3. Bagaimana pola pengelolaan dan pengembangan tanaman Gaharu (A. malaccensis) di Kabupaten Langkat, Propinsi Sumatera Utara. 4. Berapa besar dampak pengelolaan dan pengembangan tanaman Gaharu (A. malaccensis) di Kabupaten Langkat, Propinsi Sumatera Utara terhadap perekonomian masyarakat. Tujuan dan Manfaat Tujuan Adapun tujuan dari penelitian ini adalah : 1. Mengetahui Sejarah budidaya tanaman Gaharu (A. malaccensis) di Kabupaten Langkat, Propinsi Sumatera Utara. 2. Mengetahui besarnya potensi dan produktivitas tanaman hutan Gaharu (A. malaccensis) di Kabupaten Langkat, Propinsi Sumatera Utara. 3. Mengetahui pola pengelolaan dan pengembangan tanaman Gaharu (A. malaccensis) di Kabupaten Langkat, Propinsi Sumatera Utara. 4. Mengetahui dampak pengelolaan dan pengembangan tanaman Gaharu (A. malaccensis) di Kabupaten Langkat, Propinsi Sumatera Utara terhadap perekonomian masyarakat.
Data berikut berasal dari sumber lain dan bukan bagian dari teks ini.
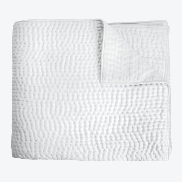 The classic hand stitched design of this white coverlet is enhanced with a relaxed pebbled texture and supple feel of soft cotton and silk.This bedding collection suits both a summer or winter bedroom and pairs easily with colorful sheet sets.
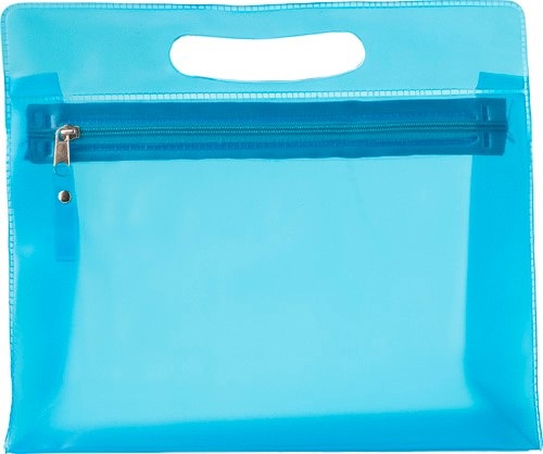 Toaletná taška z matného PVC s integrovanou rukoväťou a zipsom.
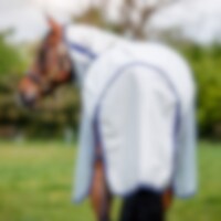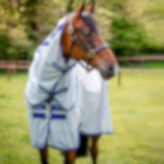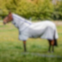 Det ultimate sommerdekkenet med ryggdel i solid, rutete bomull/polyester som beskytter både mot UV-strålene fra solen (60–70 %) og lette sommerskurer. Lett polyesternetting på sidene beskytter mot insekter, samtidig som det gir god ventilasjon og gjør at hesten holder seg sval selv på varme dager. Stor halebeskytter og Horsewares patenterte beinskjæring gir god bevegelsesfrihet.
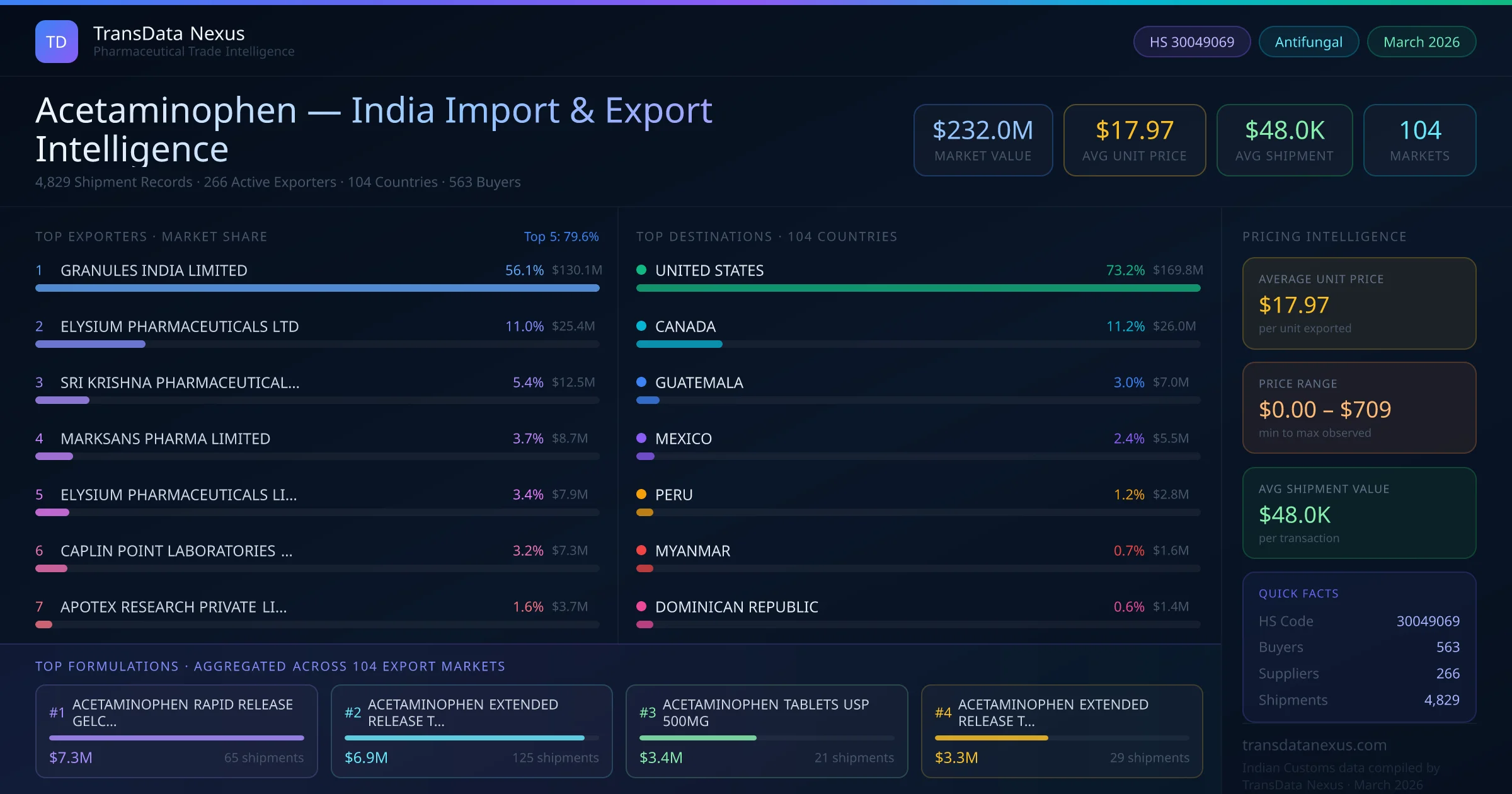The total export value of acetaminophen from India is $232.0M, recorded across 4,829 shipments from 266 active exporters to 104 countries. The average shipment value is $48.0K.
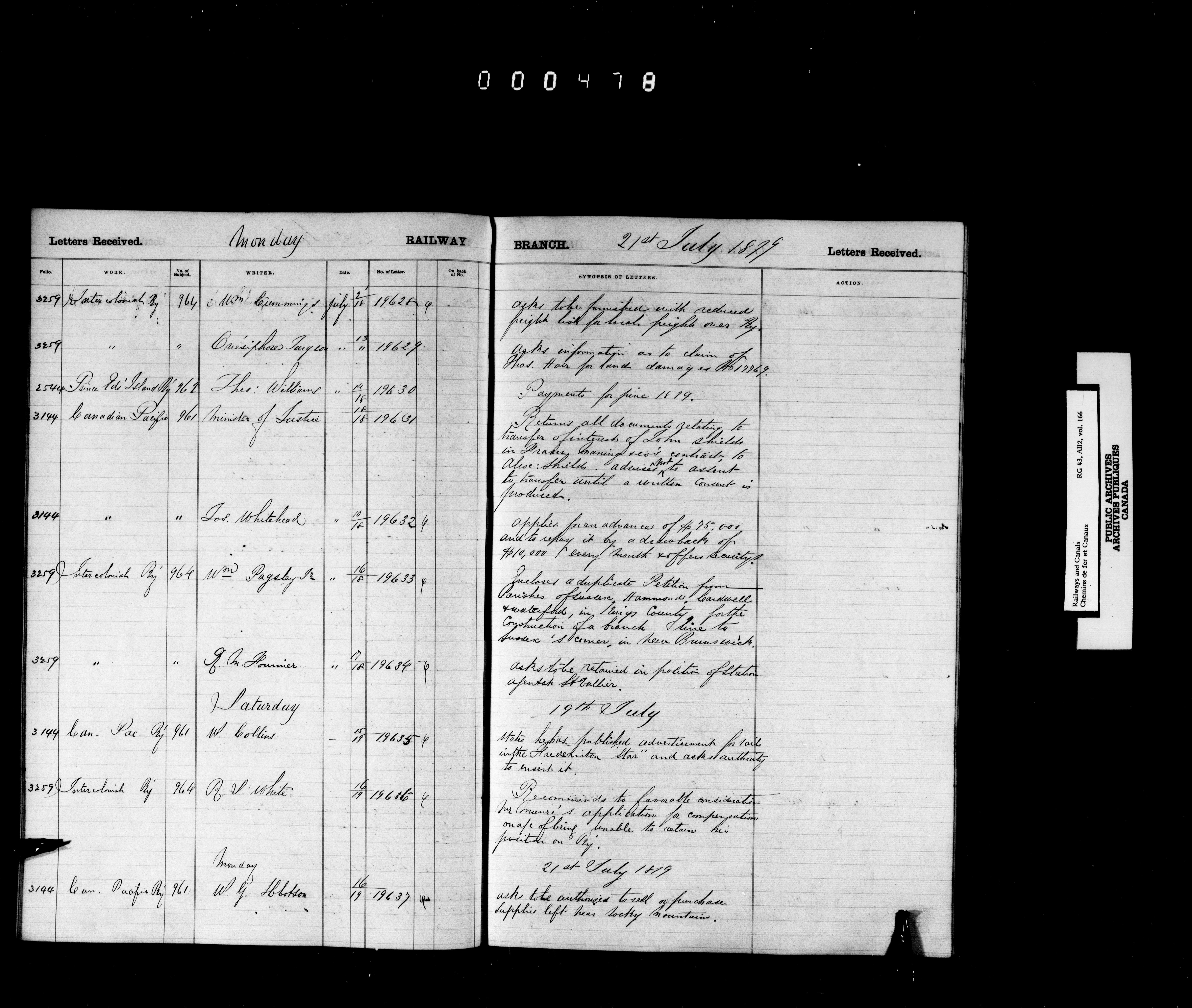 Railway Branch, Registers, Indexes and Journals, 1867-1936 - 7368

Manfaat Manfaat dari penelitian ini adalah tersedianya informasi dan sebagai bahan masukan kepada Pemerintah Daerah dan stakeholders dalam pengembangan tanaman hutan dan lahan di Sumatera Utara khususnya di Kabupaten Langkat, yang berguna dalam mendukung kegiatan perencanaan dan pengembangan strategis pengelolaan tanaman hutan Spesifik Lokal Gaharu (A. malaccensis).